Your objective: Your answer must be an exact transcription of the data, with every picture omitted.

[[ Supplied data open ]]

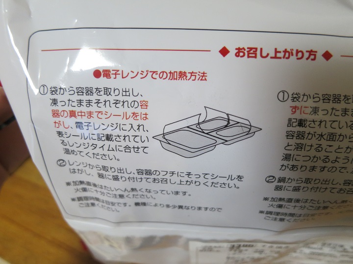 そのまま湯煎か密着フィルムを半分くらい開けて電子レンジで解凍すれば出来上がり。
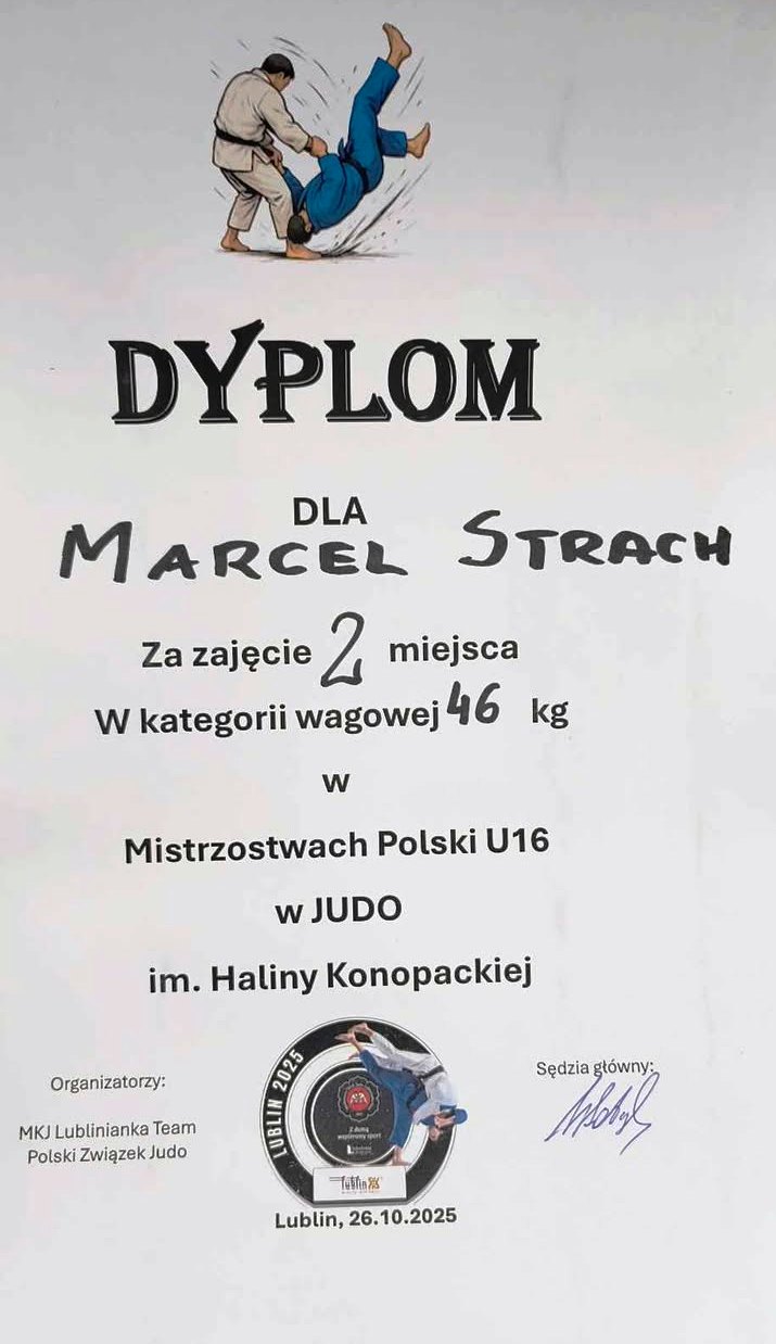 Mieszkaniec naszej gminy, Piotrowic, Marcel Strach zajął II miejsce podczas tych prestiżowych zawodów. Marcel startował w kategorii wiekowej U16 i kategorii wagowej 46 kg.
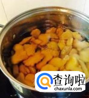 干燥的锅中加入姜与甜醋适量。文火煮沸后小火再熬制一个小时。
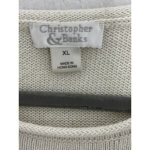 The Christopher & Banks XL hand embroidered cat sweater is a cozy and charming addition to any wardrobe. Made from ramie fabric with a knit texture, this beige sweater features a crew neck and long sleeves, perfect for all seasons. The sweater displays a cute animal print pattern of cats and flowers, giving off a cottage and grandma vibe. It is ideal for various occasions such as travel, casual outings, workwear, or business meetings, offering a regular fit for a comfortable and stylish look.

[[ Supplied data closed ]]

Exercise result:
 そのまま湯煎か密着フィルムを半分くらい開けて電子レンジで解凍すれば出来上がり。
 Mieszkaniec naszej gminy, Piotrowic, Marcel Strach zajął II miejsce podczas tych prestiżowych zawodów. Marcel startował w kategorii wiekowej U16 i kategorii wagowej 46 kg.
 干燥的锅中加入姜与甜醋适量。文火煮沸后小火再熬制一个小时。
 The Christopher & Banks XL hand embroidered cat sweater is a cozy and charming addition to any wardrobe. Made from ramie fabric with a knit texture, this beige sweater features a crew neck and long sleeves, perfect for all seasons. The sweater displays a cute animal print pattern of cats and flowers, giving off a cottage and grandma vibe. It is ideal for various occasions such as travel, casual outings, workwear, or business meetings, offering a regular fit for a comfortable and stylish look.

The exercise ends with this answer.